__Task details__
For the entries below, the expected answer is the line with "Seattle Seahawks quarterback", the line with "However, if we", and every line between them, exactly as written, and nothing more.

__Data to examine__
******
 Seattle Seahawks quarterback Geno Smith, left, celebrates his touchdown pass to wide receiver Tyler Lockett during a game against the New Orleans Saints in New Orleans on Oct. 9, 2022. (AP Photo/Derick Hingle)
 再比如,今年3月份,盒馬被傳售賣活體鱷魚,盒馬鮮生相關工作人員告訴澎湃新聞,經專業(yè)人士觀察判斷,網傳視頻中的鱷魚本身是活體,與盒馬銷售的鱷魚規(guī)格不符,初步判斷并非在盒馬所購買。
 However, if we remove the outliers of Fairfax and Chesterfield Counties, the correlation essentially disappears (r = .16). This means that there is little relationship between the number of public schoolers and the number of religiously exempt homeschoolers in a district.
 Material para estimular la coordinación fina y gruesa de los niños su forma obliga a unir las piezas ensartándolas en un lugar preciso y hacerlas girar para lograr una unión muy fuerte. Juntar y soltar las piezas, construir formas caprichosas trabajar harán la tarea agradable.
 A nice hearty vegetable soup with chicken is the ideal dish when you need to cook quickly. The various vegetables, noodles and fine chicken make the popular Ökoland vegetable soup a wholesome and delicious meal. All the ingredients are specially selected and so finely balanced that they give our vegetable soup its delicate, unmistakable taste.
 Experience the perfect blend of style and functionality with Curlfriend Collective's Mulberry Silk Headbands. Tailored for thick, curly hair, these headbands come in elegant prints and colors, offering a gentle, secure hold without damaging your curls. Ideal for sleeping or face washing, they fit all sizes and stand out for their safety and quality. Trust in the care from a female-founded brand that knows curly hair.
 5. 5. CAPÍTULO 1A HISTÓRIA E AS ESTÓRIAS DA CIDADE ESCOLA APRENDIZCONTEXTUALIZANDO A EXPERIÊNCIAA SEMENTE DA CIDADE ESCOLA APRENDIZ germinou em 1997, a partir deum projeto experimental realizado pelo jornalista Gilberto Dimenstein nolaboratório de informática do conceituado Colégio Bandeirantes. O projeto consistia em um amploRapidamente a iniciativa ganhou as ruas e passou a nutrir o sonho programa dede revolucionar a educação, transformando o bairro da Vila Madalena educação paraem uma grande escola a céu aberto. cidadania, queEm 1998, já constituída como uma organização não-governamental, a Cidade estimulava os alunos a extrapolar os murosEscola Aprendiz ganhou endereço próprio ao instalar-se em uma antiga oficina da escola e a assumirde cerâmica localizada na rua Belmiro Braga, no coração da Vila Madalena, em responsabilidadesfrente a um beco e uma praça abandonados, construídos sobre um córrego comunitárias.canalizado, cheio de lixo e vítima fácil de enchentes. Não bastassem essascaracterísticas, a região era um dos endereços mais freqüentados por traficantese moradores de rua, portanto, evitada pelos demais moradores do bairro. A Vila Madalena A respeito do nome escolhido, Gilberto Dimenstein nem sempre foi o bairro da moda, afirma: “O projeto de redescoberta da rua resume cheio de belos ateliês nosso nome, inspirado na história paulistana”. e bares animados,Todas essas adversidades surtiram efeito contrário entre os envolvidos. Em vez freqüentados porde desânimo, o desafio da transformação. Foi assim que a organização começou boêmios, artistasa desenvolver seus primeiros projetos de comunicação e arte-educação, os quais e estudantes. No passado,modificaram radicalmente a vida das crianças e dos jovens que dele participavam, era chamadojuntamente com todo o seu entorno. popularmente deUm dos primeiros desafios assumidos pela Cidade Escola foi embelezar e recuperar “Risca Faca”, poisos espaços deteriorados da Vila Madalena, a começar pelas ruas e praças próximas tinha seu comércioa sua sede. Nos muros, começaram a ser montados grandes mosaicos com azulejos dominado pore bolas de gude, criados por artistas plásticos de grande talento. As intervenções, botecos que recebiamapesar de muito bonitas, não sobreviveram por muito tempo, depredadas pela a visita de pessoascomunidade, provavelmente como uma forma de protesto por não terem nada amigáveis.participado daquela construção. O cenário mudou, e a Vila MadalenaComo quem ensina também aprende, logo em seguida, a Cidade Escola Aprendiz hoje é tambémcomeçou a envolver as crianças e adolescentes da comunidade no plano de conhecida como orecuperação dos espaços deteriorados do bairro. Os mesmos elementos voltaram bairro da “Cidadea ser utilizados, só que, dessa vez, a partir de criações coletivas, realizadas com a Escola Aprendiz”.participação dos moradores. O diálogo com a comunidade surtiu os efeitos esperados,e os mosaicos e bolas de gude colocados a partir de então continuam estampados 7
******
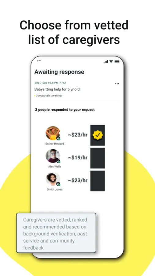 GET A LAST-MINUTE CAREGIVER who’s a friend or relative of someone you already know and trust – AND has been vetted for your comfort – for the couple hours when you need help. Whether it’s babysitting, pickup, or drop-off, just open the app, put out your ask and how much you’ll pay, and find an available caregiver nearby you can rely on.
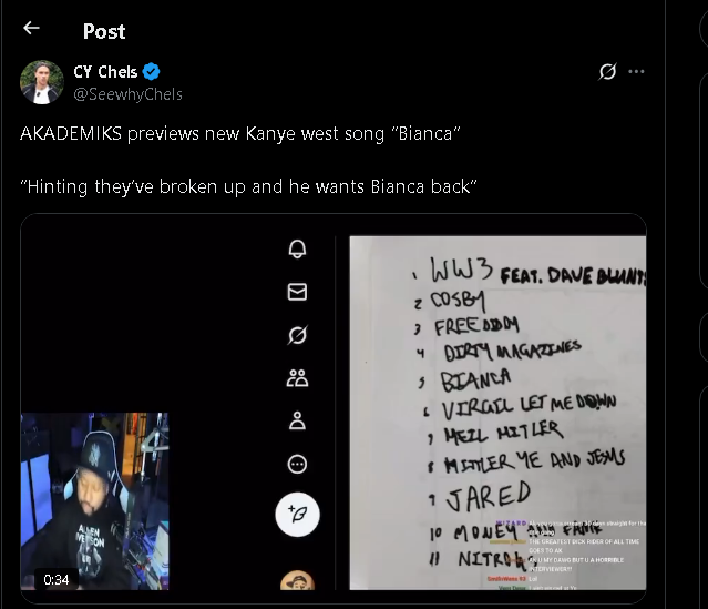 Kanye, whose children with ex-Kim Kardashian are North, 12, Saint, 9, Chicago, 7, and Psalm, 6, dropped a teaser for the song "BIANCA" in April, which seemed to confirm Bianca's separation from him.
******
__Task solution__
 Seattle Seahawks quarterback Geno Smith, left, celebrates his touchdown pass to wide receiver Tyler Lockett during a game against the New Orleans Saints in New Orleans on Oct. 9, 2022. (AP Photo/Derick Hingle)
 再比如,今年3月份,盒馬被傳售賣活體鱷魚,盒馬鮮生相關工作人員告訴澎湃新聞,經專業(yè)人士觀察判斷,網傳視頻中的鱷魚本身是活體,與盒馬銷售的鱷魚規(guī)格不符,初步判斷并非在盒馬所購買。
 However, if we remove the outliers of Fairfax and Chesterfield Counties, the correlation essentially disappears (r = .16). This means that there is little relationship between the number of public schoolers and the number of religiously exempt homeschoolers in a district.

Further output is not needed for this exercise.